Data provided -
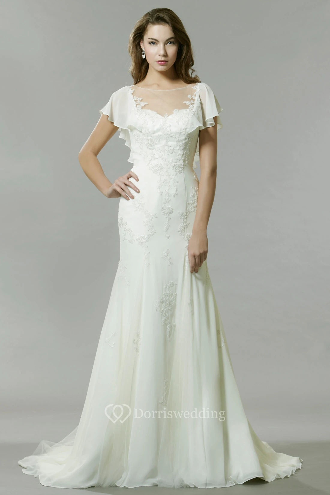 Poet-Sleeve Bateau-Neck Chiffon Wedding Dress With Illusion
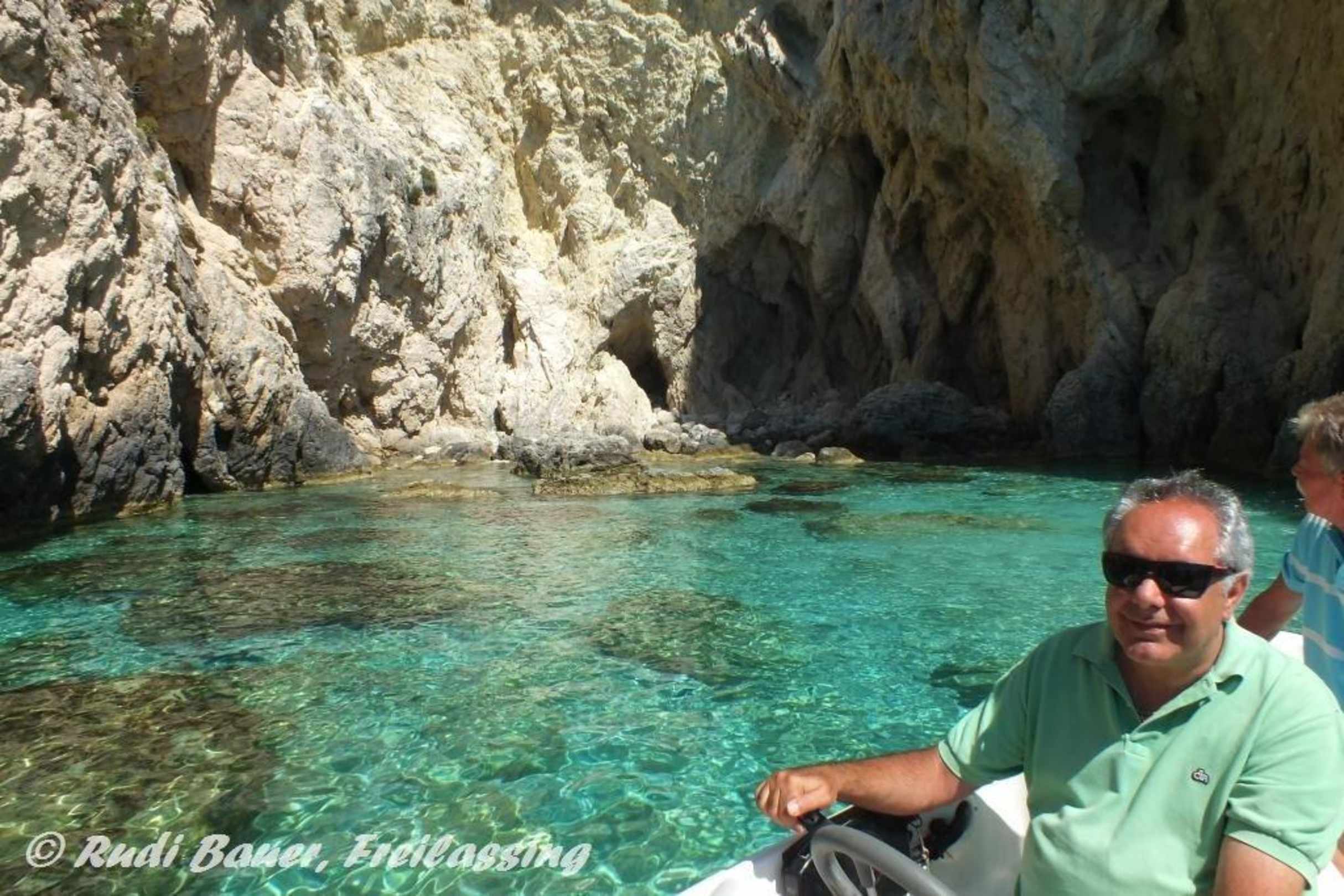 Pavlos fährt uns mit seinem Boot zur Insel Marathonissi und einmal rundherum. Danke Pavlos.
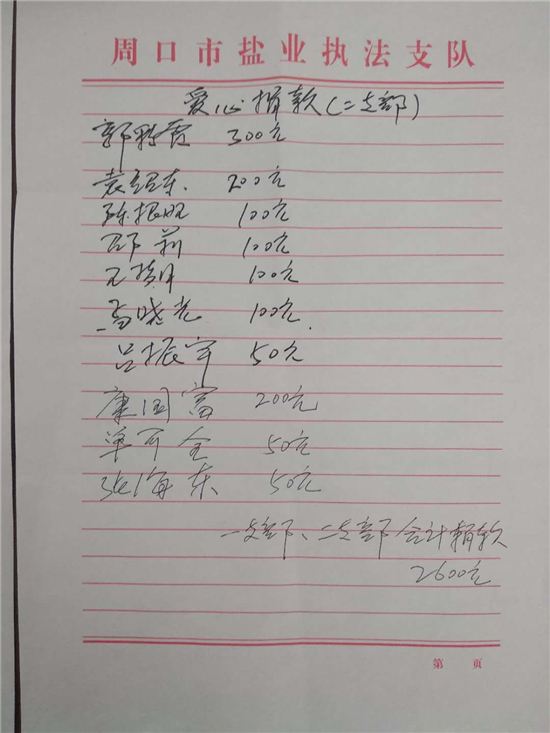 支隊(duì)黨委得知這一情況后,高度重視,隨即向全體黨員發(fā)起了《捐款獻(xiàn)愛心倡議書》,號(hào)召全體黨員進(jìn)行捐款,奉獻(xiàn)一份愛心。第一、第二黨支部積極行動(dòng),大家踴躍捐款。截止到11日上午,共捐款2600元。
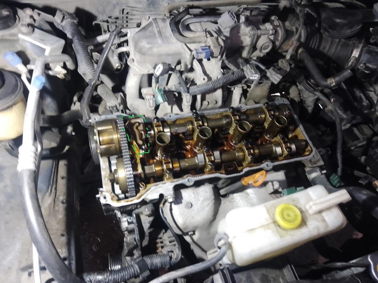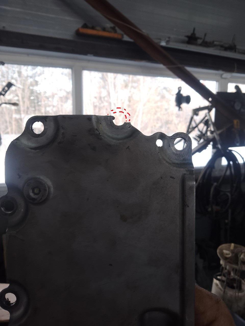 И вот тут меня ждал сюрприз всей моей жизни. Зеленым обозначен маслоканал к клапану системы изменения фаз газораспределения, клапан которой установлен в клапанной крышке. И все бы ничего, если б два болта, которые это все уплотняют, не были сломаны. Да! Просто, блин, сломаны, и вклеены сверху! Как там масло не ссало до этого - не известно, но у меня мотор обоссался из под болта ВВТ сразу! Я два часа не мог понять, что же там такое, пока наконец не прозрел! Было сделано временное решение, в крышке нарезана резьба на 8 и ввернута затычка, после чего ручей масла иссяк, но ВВТ работать не будет! Потом придётся чинить и это место! Снимать переднюю шейку распредвала, вынимать обломки болтов, и собирать всё заново, красиво и надёжно! Это п?:"*ц. Ещё 2 болта сорваны, которые крышку крепят по краю.

Problem details - Keep the pictures out and transcribe the listing exactly.

Output for this task -
 Poet-Sleeve Bateau-Neck Chiffon Wedding Dress With Illusion
 Pavlos fährt uns mit seinem Boot zur Insel Marathonissi und einmal rundherum. Danke Pavlos.
 支隊(duì)黨委得知這一情況后,高度重視,隨即向全體黨員發(fā)起了《捐款獻(xiàn)愛心倡議書》,號(hào)召全體黨員進(jìn)行捐款,奉獻(xiàn)一份愛心。第一、第二黨支部積極行動(dòng),大家踴躍捐款。截止到11日上午,共捐款2600元。
 И вот тут меня ждал сюрприз всей моей жизни. Зеленым обозначен маслоканал к клапану системы изменения фаз газораспределения, клапан которой установлен в клапанной крышке. И все бы ничего, если б два болта, которые это все уплотняют, не были сломаны. Да! Просто, блин, сломаны, и вклеены сверху! Как там масло не ссало до этого - не известно, но у меня мотор обоссался из под болта ВВТ сразу! Я два часа не мог понять, что же там такое, пока наконец не прозрел! Было сделано временное решение, в крышке нарезана резьба на 8 и ввернута затычка, после чего ручей масла иссяк, но ВВТ работать не будет! Потом придётся чинить и это место! Снимать переднюю шейку распредвала, вынимать обломки болтов, и собирать всё заново, красиво и надёжно! Это п?:"*ц. Ещё 2 болта сорваны, которые крышку крепят по краю.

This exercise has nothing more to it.